Proximity ligation assay

PLA assay was performed using on PFA fixed neuronal cultures that were treated with Zn²⁺ (100 μM, 30 s) or without it as control, and the Duolink in situ red starter kit (DU092101, SigmaAldrich) was applied as per the manufacturer protocol, using antibodies against KCC2 (ab134300, Abcam) and against SNAP23 (111–213, Synaptic Systems). Coverslips seeded with cells were treated with Zn²⁺ to activate mZnR/GPR39, and then PFA 4% for 10 min, rinsed in PBS (PBS), and then permeabilized with 0.1% Triton X- in PBS. Coverslips were incubated in Duolink secondary antibodies (anti-rabbit SNAP23 and anti-mouse KCC2), which were conjugated with complementary oligonucleotides and PLA probes, and fluorescently labeled. Fluorescent images were acquired with appropriate filters using Nikon Eclipse Ti confocal microscope using an X60 objective. PLA puncta were quantified by counting the fluorescent particles using ImageJ software module in each field of view. PLA experiments were performed on three independent cultures, and n refers to the number of images used for quantification.

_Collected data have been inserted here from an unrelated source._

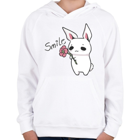 1 kép PRINTFASHION Nyuszi Virággal - Mosolyogj - Gyerek kapucnis pulóver - Fehér
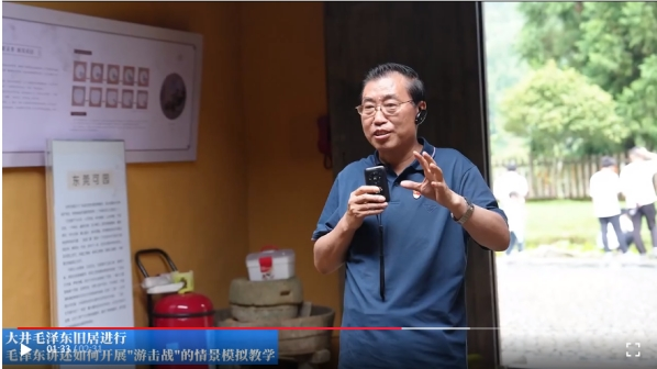 7月26日下午,在大井毛泽东旧居,带班老师讲解了毛泽东、朱德在大井村开展革命斗争的事迹。随后,由研修班学员代表进行了毛泽东讲述如何开展“游击战”的情景模拟教学。毛泽东讲:“与敌人进行斗争,不仅要学会打仗,还要学会打圈圈,敌人来了,先牵引着敌人打几个圈圈,在打圈圈过程中发现敌人的薄弱环节,再集中力量歼灭敌人”。正是在井冈山斗争期间,毛泽东总结出了著名的“敌进我退,敌驻我扰,敌疲我打,敌退我追”十六字游击战指导方针。
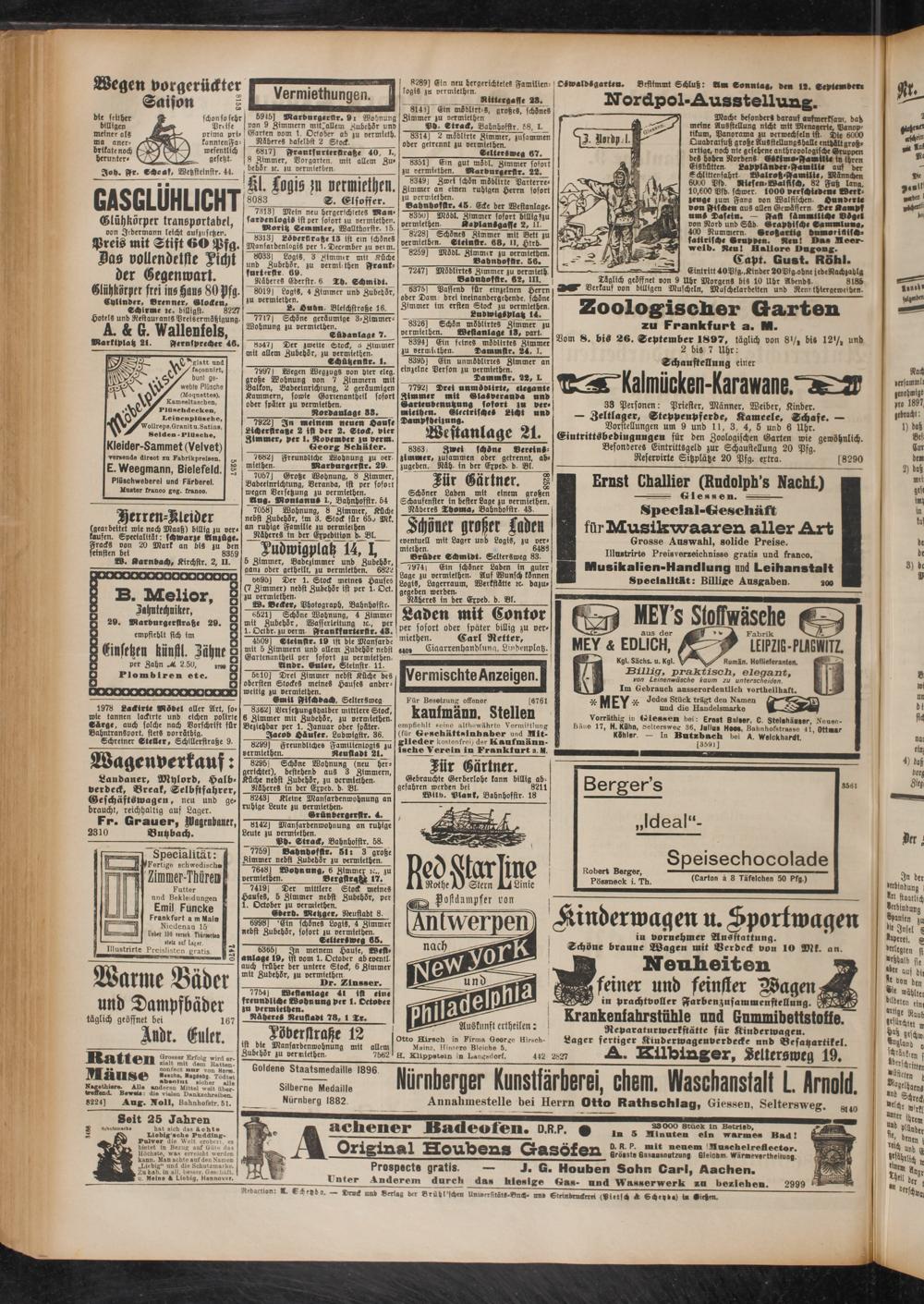 Vom 8. bis 26. September 1897, täglich von 8>/, bi» 12'/, und 2 bi» 7 Uhr: Schaustellung einer
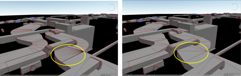 不同细节层级(左为LOD-0,右为LOD-2)的通风风管模型
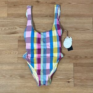 Jess Southern X Gianni Bini Women's Plaid Scoop One Piece Bathing Suit Small New

Quantification and statistical analysis

All imaging traces were generated and fitted, using a linear curve fit, in Microsoft Excel. Rates of KCC2 transport were determined by the decrease in fluorescence signal during a 100s period following the peak fluorescent signal, all acquired rates are presented in bar graphs with mean ± SD (SD). Primary neurons imaging data are presented as boxplots, with min and max, showing median values and all data points. All imaging experiments were done on at least three independent cultures. For western blots, quantification was done using ImageJ module for blot analysis (Gels) and data from all gels are presented in bar graphs with mean ± SD or boxplots, min to max, with median value. PLA puncta were quantified by counting the fluorescent particles using ImageJ software module in each field of view. PLA experiments were performed on three independent cultures, and n refers to the number of images used for quantification.

All data are expressed as means ± SD in graphs generates by Microsoft Excel. Statistical significance between the groups was determined following Shapiro-Wilk normality test (GraphPad Prism 8.4.2), using the Student's t test or ANOVA with multiple comparisons, as appropriate (SPSS). In addition, Mann-Whitney or Independent-Samples Kruskal-Wallis Test, as appropriate, were used for analysis of non-parametric data (GraphPad Prism 7.4.2). The sample sizes for each experiment (n) is shown in all graphs and extent of significance is included in figure legends. ∗p<0.05; ∗∗, p<0.01; ∗∗∗, p<0.001.

Published: February 18, 2022

Data and code availability

All data needed to evaluate the conclusions in the paper are present in the paper and/or the supplemental information. All data reported in this paper will be shared by the lead contact upon request.

This paper does not report original code.